In order to sever all connections of the institution to its gloomy past, and thereby to ease the adoption of brave innovations, Luria moved the Talmud Torah from its dirty courtyard, from its old, dark building, to a light, spacious and comfortable building on a clean, broad street. He provided the students with undergarments, shoes and uniforms, thereby turning the poor, shabby, unkempt youths into neat youths. He then began to teach these youths in the style of European educational institutions.

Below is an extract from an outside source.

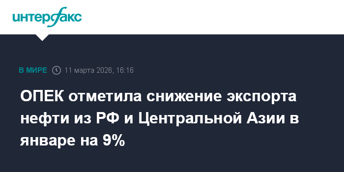 Москва. 11 марта. INTERFAX.RU - Общий объем экспорта нефти из России и стран Центральной Азии в январе в среднем составил 5,8 млн баррелей в сутки, что на 588 тыс. б/с, или на 9% меньше, чем в декабре прошлого года, сообщается в ежемесячном отчете ОПЕК.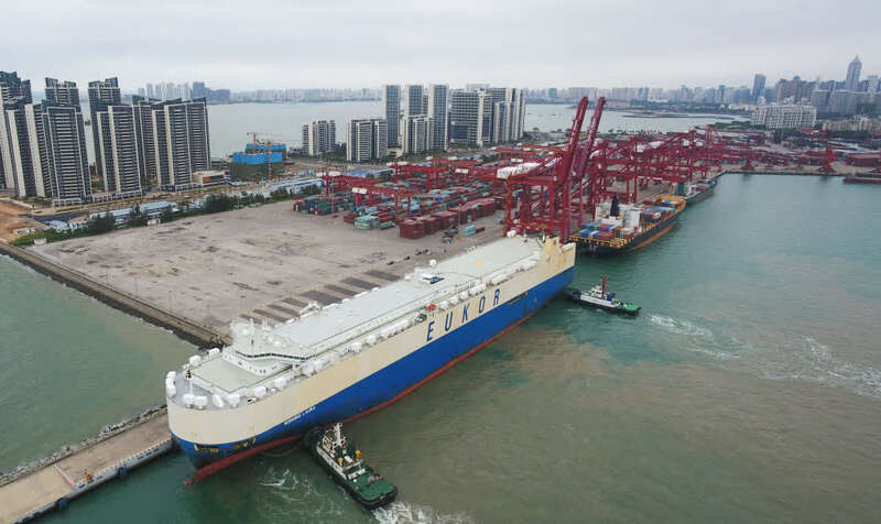 2020年2月16日,滚装货船“劳拉”轮驶入海口秀英港(无人机照片)。这是海南自贸区政策实施之后的首艘汽车外贸船。新华社记者 杨冠宇 摄

Instead of the lackadaisical teaching methodology focusing solely on Talmud, he introduced a curriculum with various subjects to the Talmud Torah. The subjects included Bible, Talmud, morality, Hebrew, Russian, arithmetic, geography and penmanship. The unenlightened teachers who had no concept of pedagogy cleared their spaces for wise teachers, including Liebman[4] for Jewish studies and Y. Levin for general studies. The former was known as an expert in Talmud and as a great scholar of the Hebrew language. He was known for his pedagogical activity in the city of Vilna. The latter was one of the best private teachers in the city of Minsk. In addition to these senior teachers, there were junior teachers who were later assisted by assistants chosen from amongst the best of the students. Diligent supervision was imposed upon the school staff, with support for the diligent and proper teachers, and penalties for those who were lax. The living spirit in all of the new order, both administrative and pedagogical, was the supervisor himself – David Luria, who worked day and night in nurturing the institution which he established. He encouraged the teachers and students, removed obstacles, and fine tuned the educational methodologies without holding back from making expenditures from his own private funds, for the financial means of the Talmud Torah were, as usual, quite restricted. It is a wonder how an autodidact who never studied in a formal school could perform so well in the pedagogical field and conduct the school in such a practical manner that was impressive to any professional pedagogue who followed his professional career for a long period. Luria knew very well how and with what to influence the hearts of his young charges who came into his care half wild. He knew how to inspire in this unruly mass the love of order, cleanliness, intellectual development, and moral completion. In short, he knew – and he was almost the only one who knew – how to raise the Talmud Torah student from the darkness and march him toward light. From where did he draw his knowledge and abilities? Apparently, from his honest diligence and burning love for the enterprise which he loved to serve.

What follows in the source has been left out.